Daniel Ash (born 31 July 1957) is an English musician, songwriter and singer. He became prominent in the late 1970s as the guitarist for the iconic goth rock band Bauhaus, which spawned two related bands led by Ash: Tones on Tail and Love and Rockets. Recently, he reunited with bandmate Kevin Haskins to form Poptone, a retrospective of their respective careers, featuring Kevin's daughter Diva Dompe on bass.  He has also recorded several solo albums. Several guitarists have listed Ash as an influence, including Dave Navarro of Jane's Addiction, Kim Thayil of Soundgarden, Hide of X Japan and John Frusciante of the Red Hot Chili Peppers.

Life and work
After going to concerts in his teenage years, Ash decided to perform on a stage in some way. He started playing guitar around the age of 15, but confessed to having been very lazy and learning only three chords, and nothing more, for about three years. He began playing in cover bands, often together with future band mates David J and Kevin Haskins, whom he had known since nursery school. His first gig was in the Glasgow Rangers Workman's Club.

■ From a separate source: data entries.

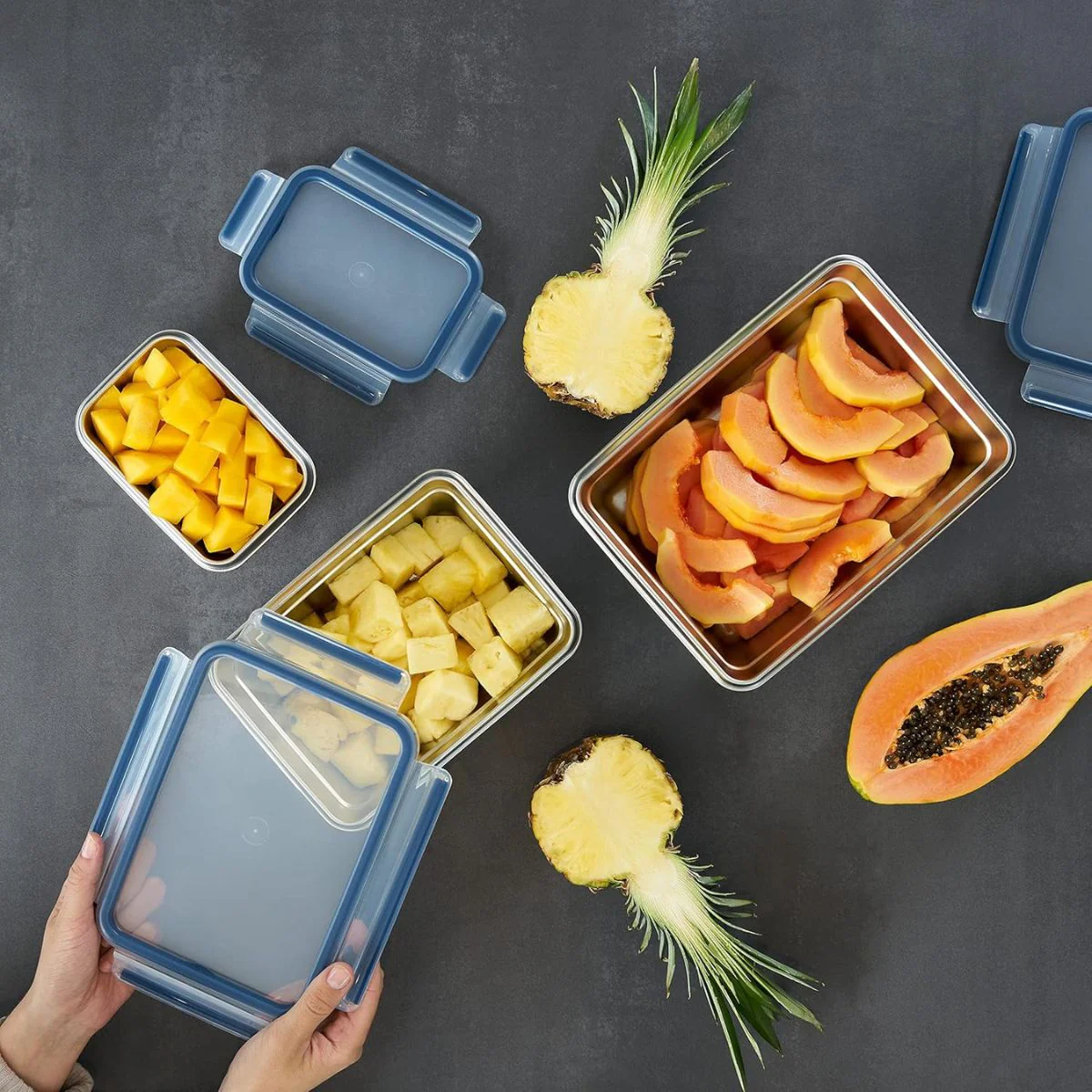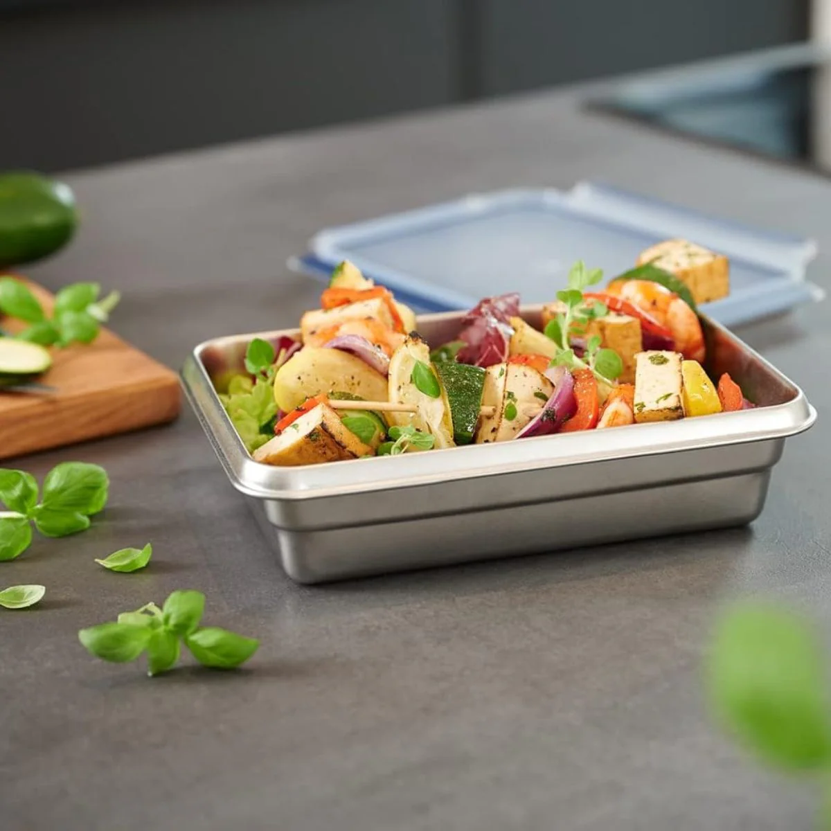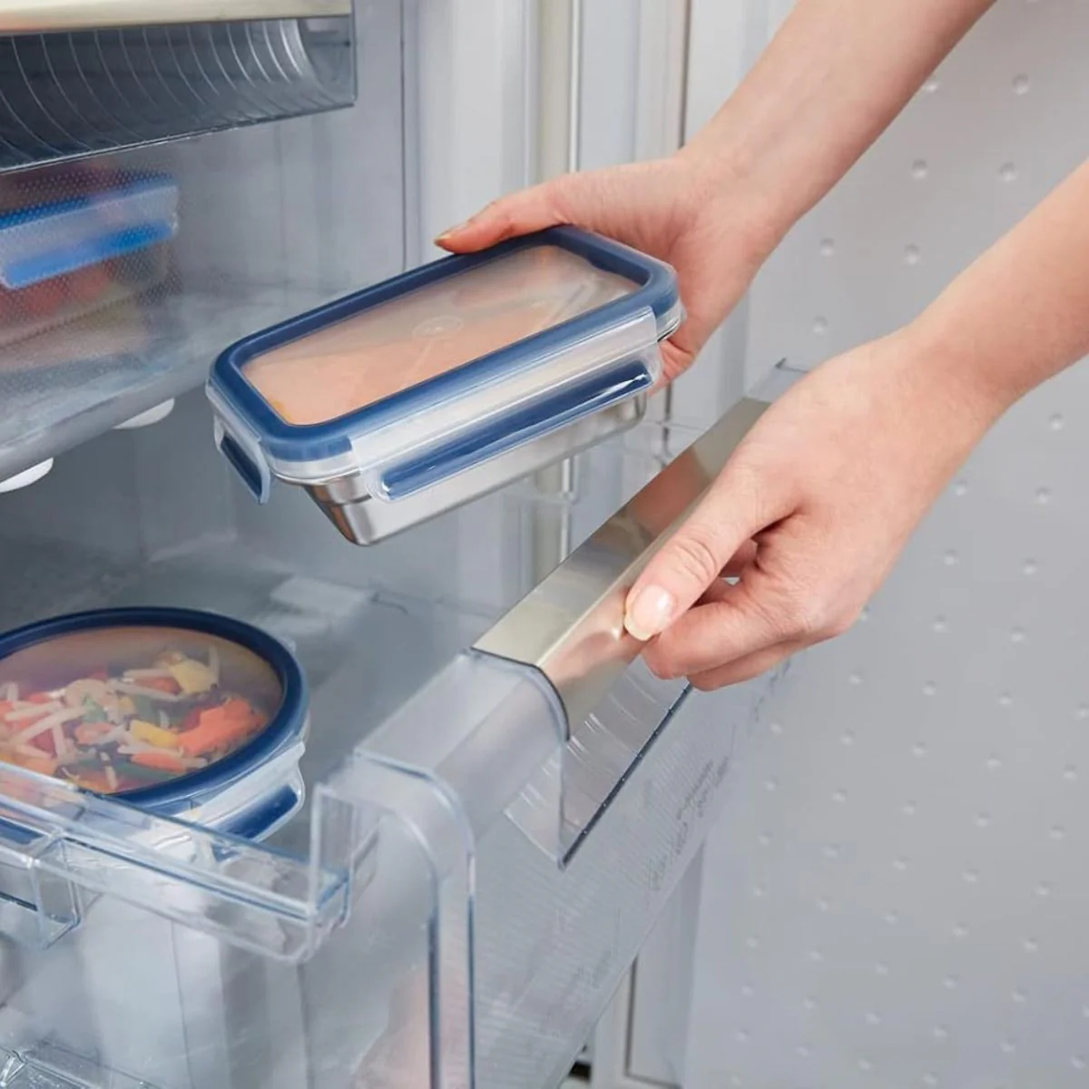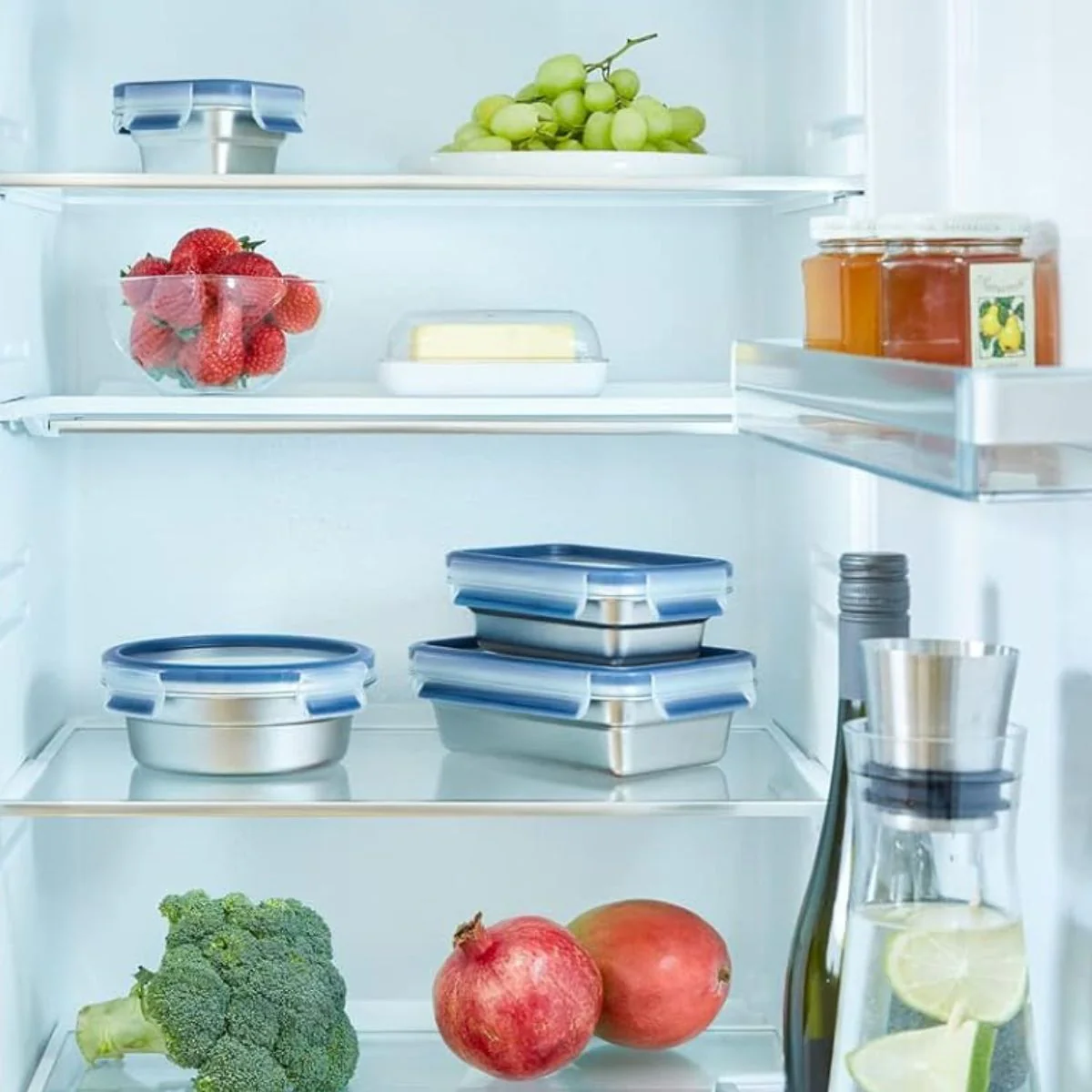 Los nuevos tuppers de acero inoxidable EMSA están disponibles en distintas formas y capacidades que se adaptarán a todas tus necesidades en la cocina. Cuentan con un diseño optimizado que les otorga una mayor estabilidad, lo que los convierte en la opción ideal para el almacenamiento en casa y para llevar tus recetas fuera de ella. Además, gracias a su estructura robusta, podrás apilarlos fácilmente, lo que te ayudará a organizar mejor tu cocina y ahorrar espacio en la nevera.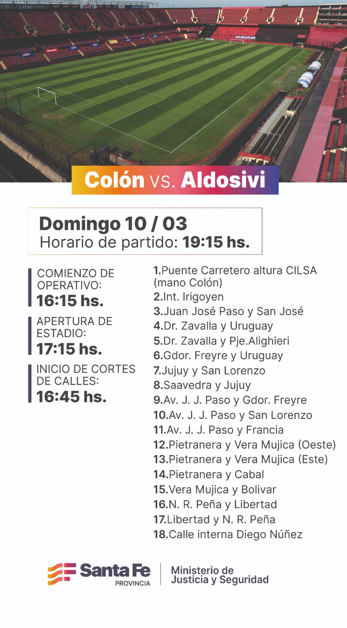 Según averiguó AIRE, todas las tribunas del estadio de Colón estarán habilitadas como en el último partido, aunque el operativo de seguridad será más intenso que ante Patronato de Paraná. "No se podrán ingresar banderas ni instrumentos en la tribuna Sur", confirmó el Ministerio de Seguridad.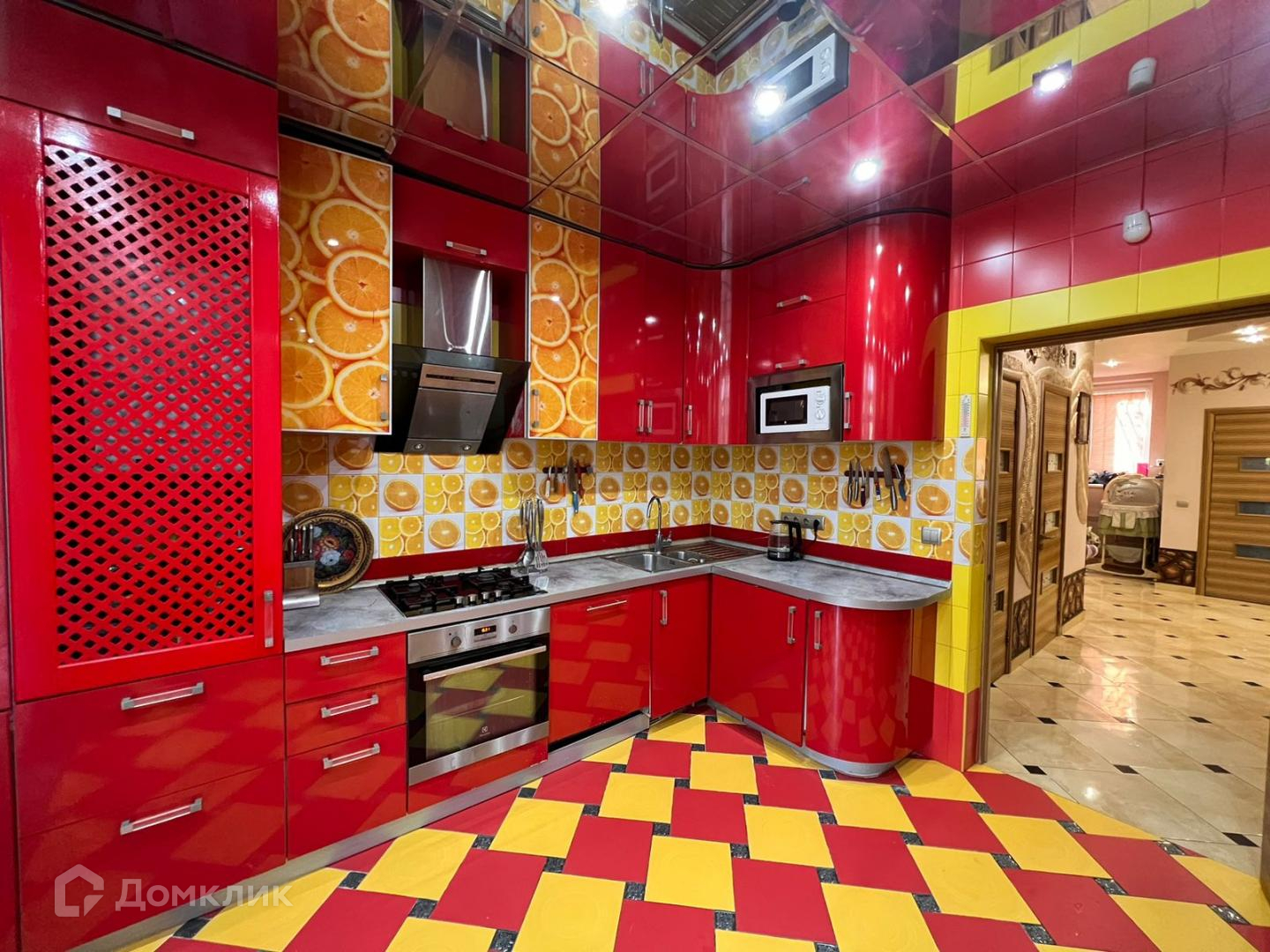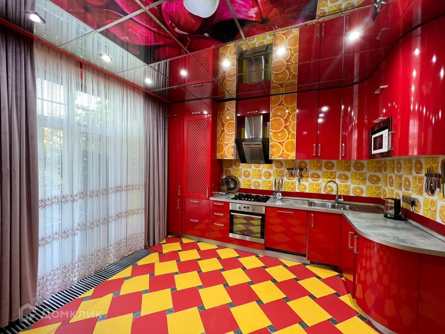 Гостиная с обеденной зоной, рабочим местом, просторным шкафом купе в светлых тонах. Так же в гостиной установлен декоративный водопад и располагаются 2 кладовых. Один гостевой санузел. Кухонная зона выполнена в ярких тонах и поделена на 2 зоны. 1 зона для приготовления блюд, 2 зона обустроена под гостиную с уютным кожаным диваном и массажной кроватью. Установлено два холодильника, телевизор, микроволновка, посудомоечная машина, стиральная машина, духовой шкаф и газовая встроенная плита. На кухне французский балкон с выходом на патио зону заднего двора.

Ash had become friends with Peter Murphy during his teenage years. Ash went to art school and Murphy went to work in a printing factory. They met up again five years later and Ash suggested forming a band. Rigging up a makeshift rehearsal space, Ash played an Echo 12 – bar blues, while Murphy sang a series of newspaper articles. Four weeks later, they formed Bauhaus and recorded "Bela Lugosi's Dead".

That song, released in 1979, became one of the most influential songs in gothic rock music, even though they saw themselves as a "dark glam" band and have always distanced themselves from the gothic label. From early on, he was intent on sounding original, and often tried to "make the guitar not sound like a guitar". He worked to develop a guitar style that included other-worldly and atmospheric sounds by the use of an EBow. He typically has used a Telecaster guitar, HH amplifiers and Marshall 4x12 cabinets for his stage gear. Later in his career, he relied heavily on the Fernandes Sustainer system to achieve sounds similar to the EBow.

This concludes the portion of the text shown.